The proposed DACNN method observed better performance over traditional machine learning methods on both male and female datasets. Its F1 value is high (0.970 0 for female and 0.950 4 for male), indicating great generalization ability. DACNN learned to recognize high-level features through its convolutional layers, and became adept at differentiating syndromes. Taken together, our results demonstrated the effectiveness of the proposed DACNN method.
In this paper, we proposed a DACNN method for differentiating the patient’s syndromes into normal and deficient. We perform experiments with female and male samples separately on our newly constructed dataset. We first compare two data balancing methods (data augmentation and weighting unbalanced data), and we demonstrate that data augmentation has better performance for the same classifier. Then we compare our proposed method with several traditional machine learning methods (SVM, GMM, Adaboost, random forest and AANN). The results show that DACNN achieved 97.25% diagnosis accuracy for females and 95.12% diagnosis accuracy for males, with 1%—10% accuracy improvement and slight improvements in other indicators. We demonstrate that, with high-level feature representation ability, the proposed DACNN method is helpful for objective auscultation diagnosis.

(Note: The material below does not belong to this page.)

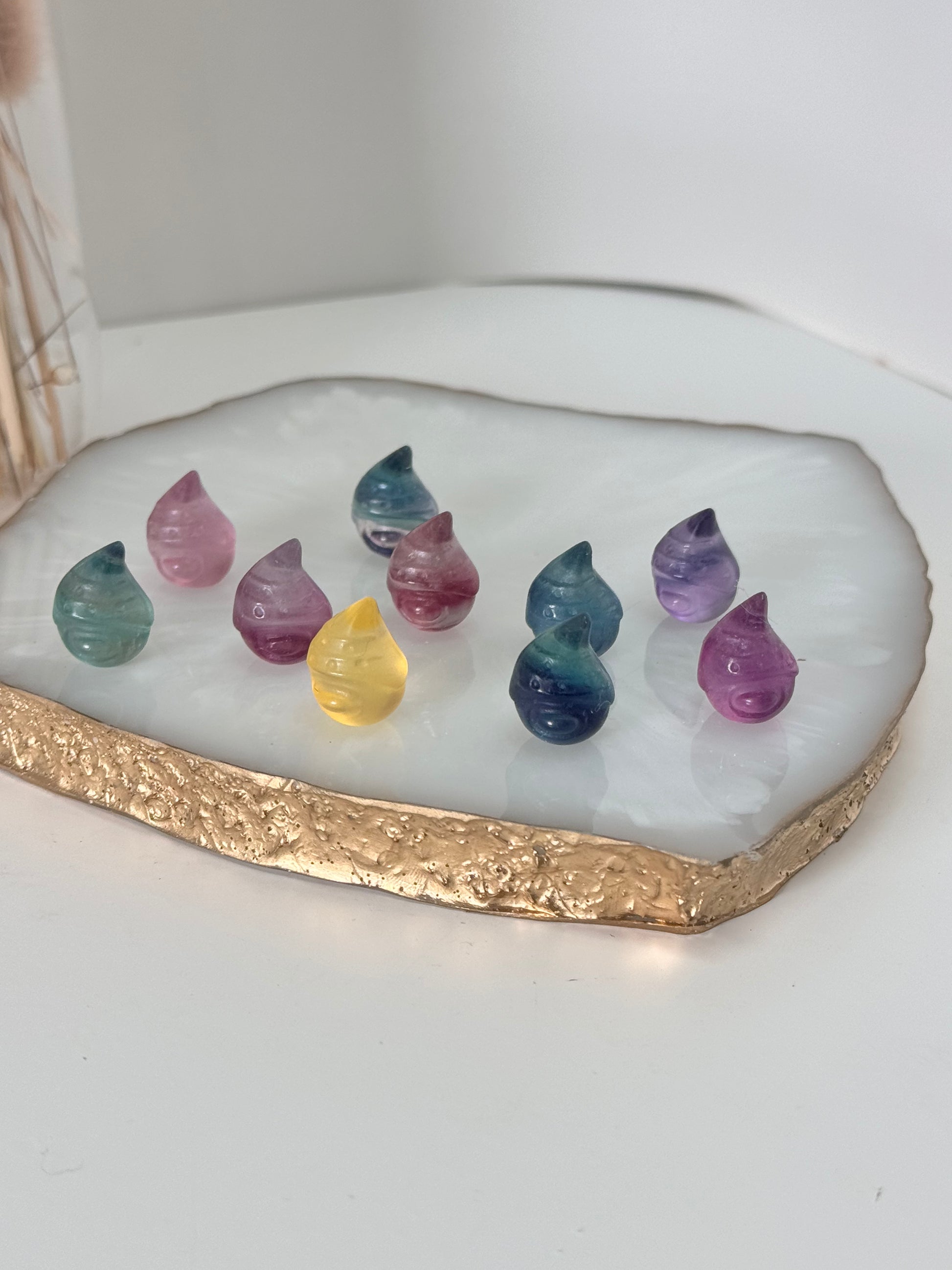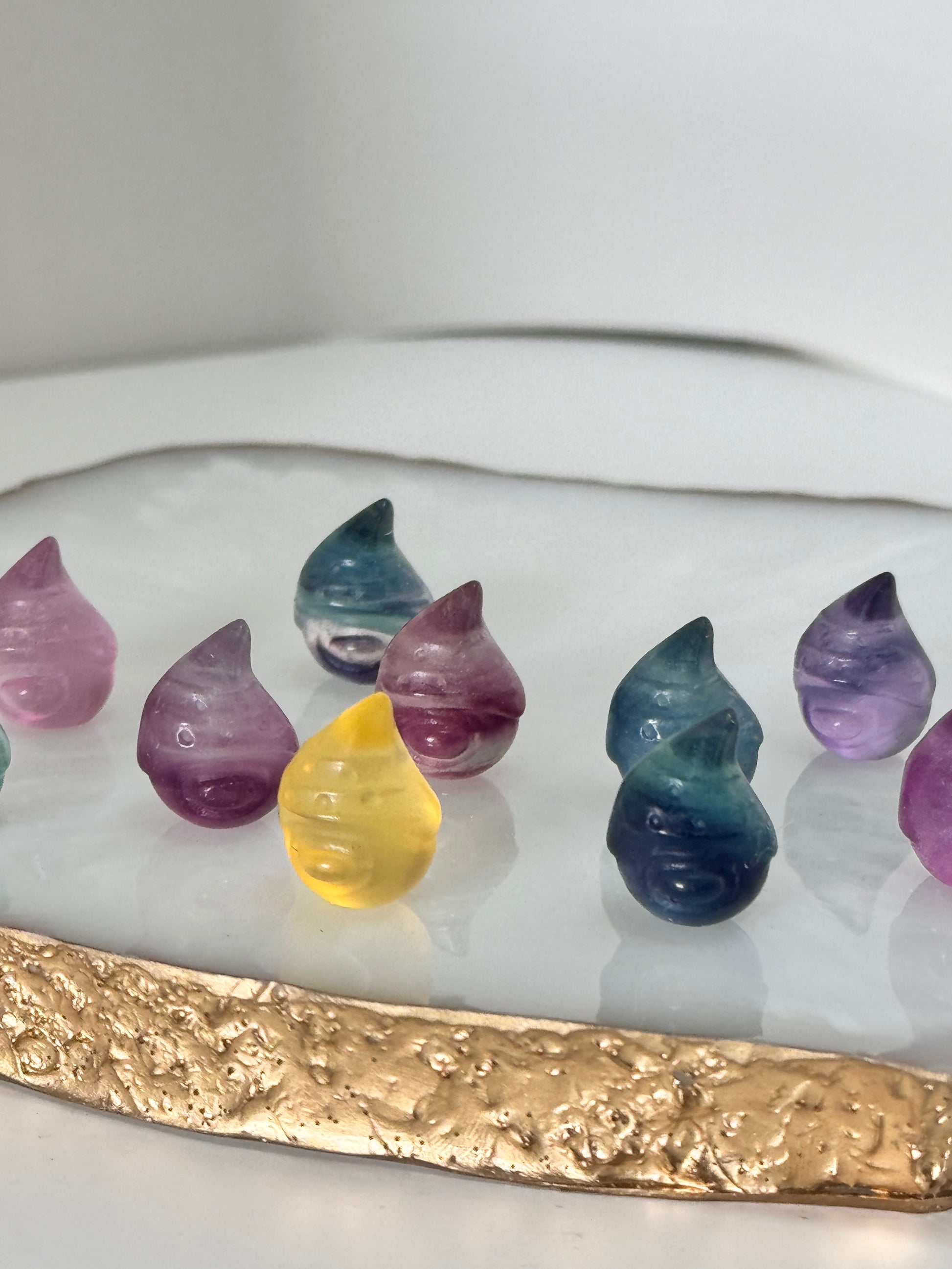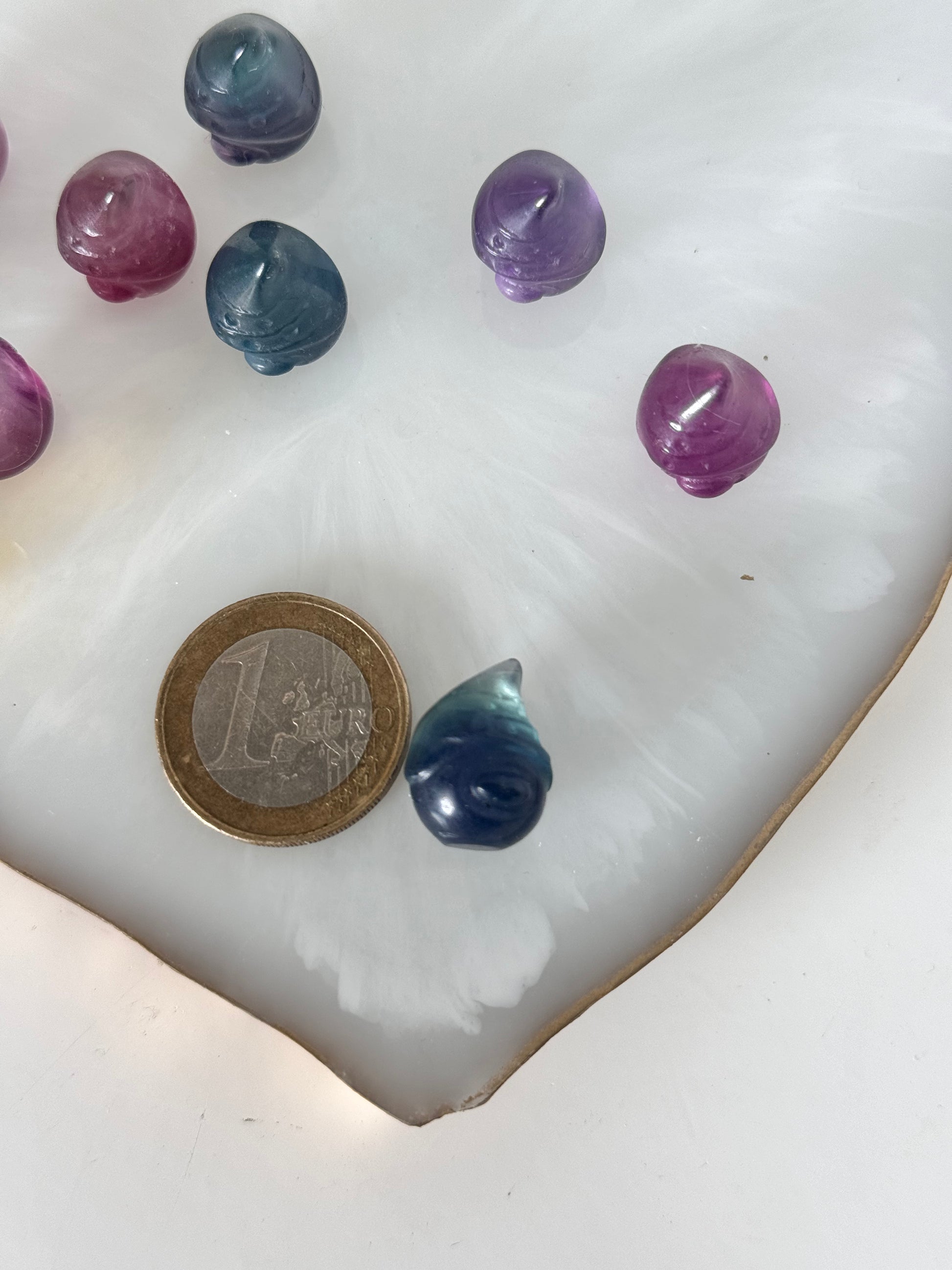 Die Auswahl des Carvings erfolgt intuitiv und per Zufall, Farbwünsche können leider nicht berücksichtigt werden. Das Foto dient nur als Beispiel, jeder Fluorit ist anders gefärbt.

In the future, we plan to expand data set with high quality label. Secondly, considering that recordings with inconsistent labels were removed, the remaining data has better distinguishable degree. It is challenging and meaningful to explore audio with controversial labels. Besides, we will explore to model both local feature and the temporal dependency for auscultation. Furthermore, we will try to differentiate syndromes into normal, Qi-deficient, and Yin-deficient.